Developer's Guide to Oracle® Solaris 11 Security

Exit Print View

 
Updated: July 2014
 
 

GSS-API Data Types

The following sections explain the major GSS-API data types. For information on all GSS-API data types, see GSS-API Data Types and Values.

GSS-API Integers

Because the size of an int can vary from platform to platform, GSS-API provides the following integer data type:OM_uint32which is a 32–bit unsigned integer.

Strings and Similar Data in GSS-API

Because GSS-API handles all data in internal formats, strings must be converted to a GSS-API format before being passed to GSS-API functions. GSS-API handles strings with the gss_buffer_desc structure: 

typedef struct gss_buffer_desc_struct {
     size_t     length;
     void       *value;
}  gss_buffer_desc *gss_buffer_t;

gss_buffer_t is a pointer to such a structure. Strings must be put into a gss_buffer_desc structure before being passed to functions that use them. In the following example, a generic GSS-API function applies protection to a message before sending that message.

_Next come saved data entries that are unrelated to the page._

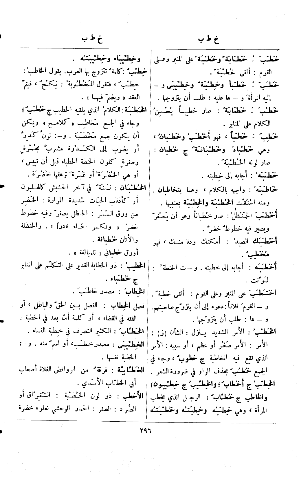 الخطبة: الكلام الذي يلقيه الخطيب ج خطيبٌ؛ وجاء في الجمع مخاطب "كملامح" ويمكن أن يكون جمع مخطبة. و-: لونٌ كدرٌ أو يضرب إلى الكدرة مشربٌ بحمرةٍ وصفرةٍ كلون الحنطة الخطباء قبل أن تيبس، أو هي الخضرة أو غبرةٌ ترهقها خضرة.
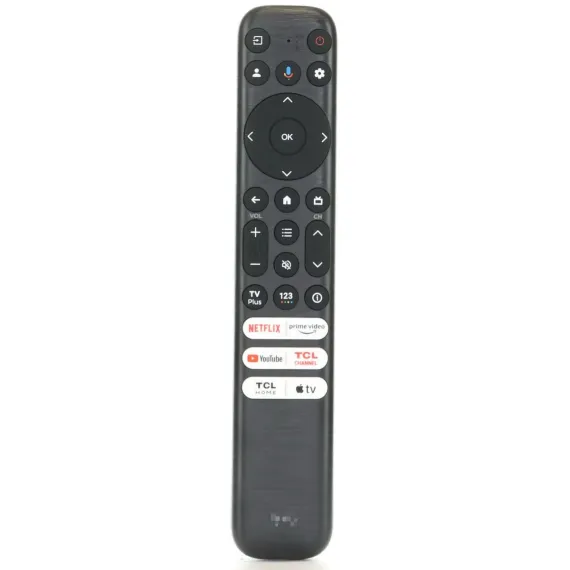 The TCL RC813 FMB1 remote control is designed for Google TV-enabled TCL TVs and provides seamless operation with no programming required. It supports voice commands and features dedicated app shortcut buttons, including Netflix, Prime Video, YouTube, TCL Home, and Apple TV.
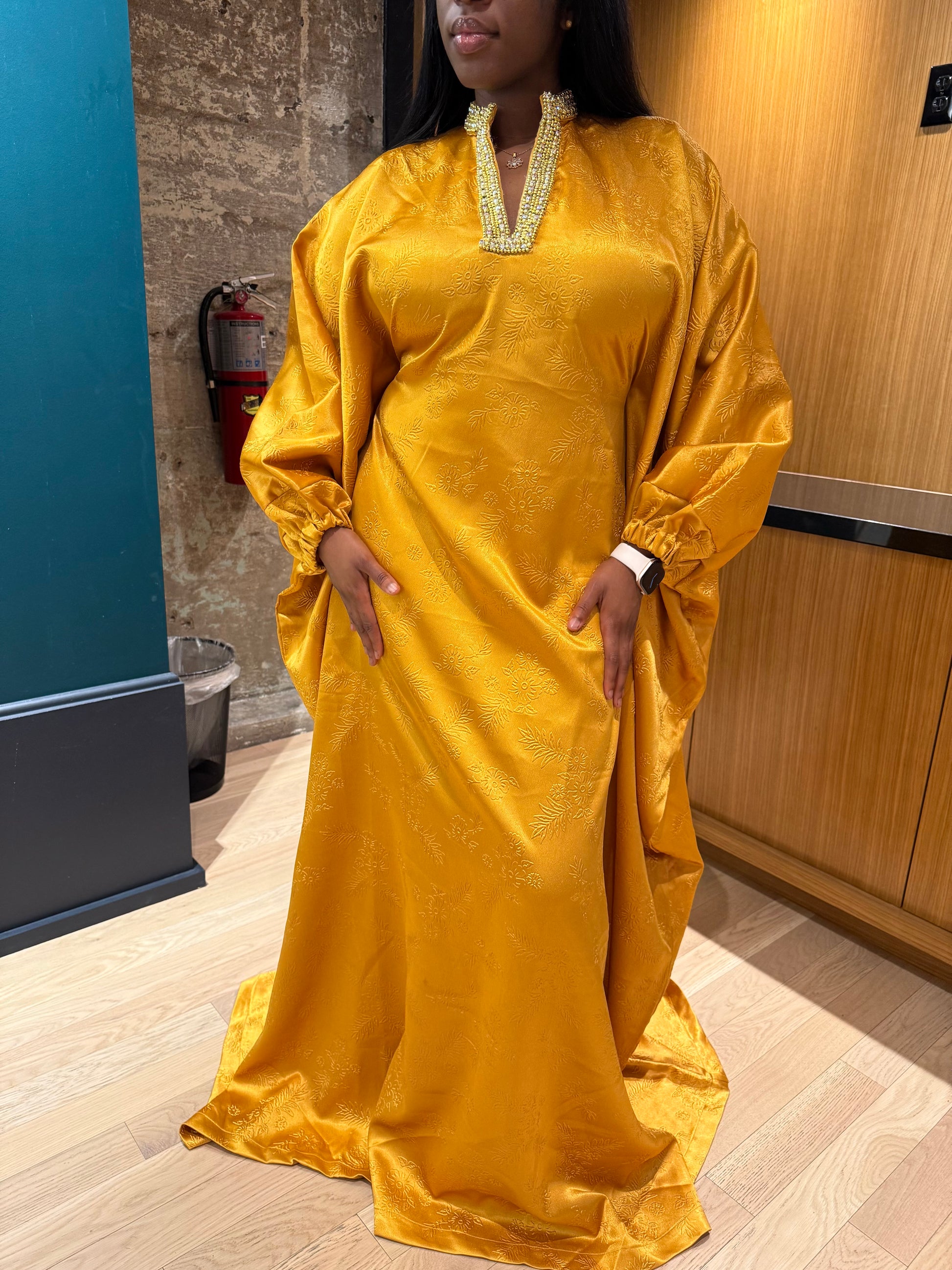 Jeune Dame Boubou features a flowing free-size fit with an inner string tie to shape your waist. Made from luxe jacquard satin with a pearl-detailed neckline, it’s perfect for special occasions or everyday glam.
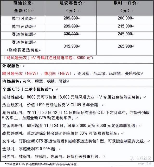 据「TMT星球」了解,此次全新CT5发布了V专属性能车色「飓风哑光灰」及V专属红色性能选装包:包括专属Brembo V标涂装红色高性能卡钳、赛道专属红色钥匙等性能装备。同时,用户还可享受12重丰富豪礼,包括以8000元解锁价值18000元热血装备的巅峰性能礼、限时3000元抵6000元的定金膨胀礼、限时赠送价值1199元V-CLUB会籍的热血玩家礼等。
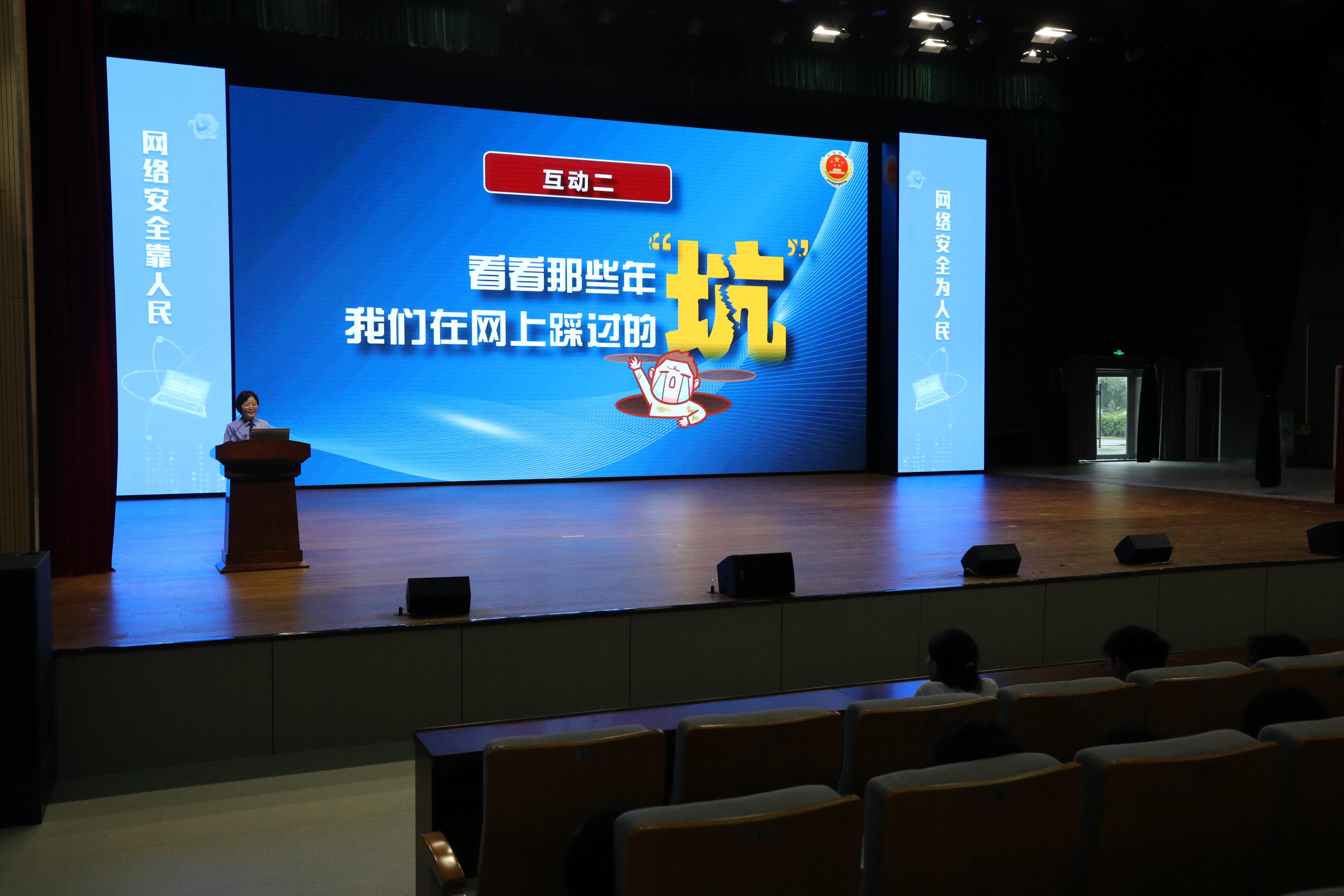 “高價收卡不心動,違法忙咱可不幫!”“網(wǎng)絡(luò)欺凌非兒戲,法律紅線莫觸撞!”近日,江蘇省宿遷經(jīng)濟(jì)技術(shù)開發(fā)區(qū)人民檢察院在宿遷市衛(wèi)生中等專業(yè)學(xué)校報告廳內(nèi),為近800名師生帶來一場主題為“守護(hù)青春e空間,網(wǎng)絡(luò)安全伴我行”的法治教育課,用生動形式傳遞網(wǎng)絡(luò)安全知識,為青少年筑牢法治“防火墻”。
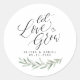 Calligraphie moderne "Let love grew" script et aquarelle rustique vert design feuille, chic et élégant. personnalisez avec les noms de couples et date, autocollants de grand faveur pour mariages, douches nuptiales, baby showers ou tout événement spécial.
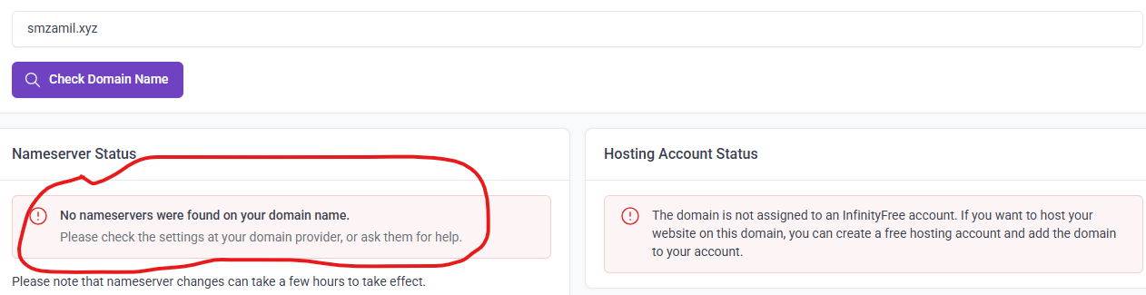 Verification: The nameservers (ns1.infinityfree.com and ns2.infinityfree.com ) have been fully propagated worldwide, confirmed by external DNS tools.
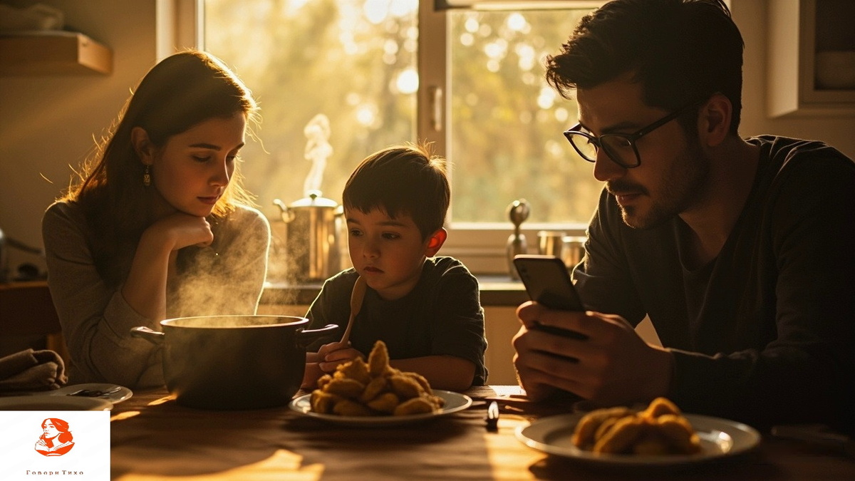 — Миш, ешь аккуратнее, — тихо сказала она, вытирая каплю супа с края стола. Сын кивнул, но тут же вернулся к своему рассказу:

Example 4-1  Using Strings in GSS-API
char *message_string;
gss_buffer_desc input_msg_buffer;

input_msg_buffer.value = message_string;
input_msg_buffer.length = strlen(input_msg_buffer.value) + 1;

gss_generic_function(arg1, &input_msg_buffer, arg2...);

gss_release_buffer(input_msg_buffer);

Note that input_msg_buffer must be deallocated with gss_release_buffer() when you are finished with input_msg_buffer.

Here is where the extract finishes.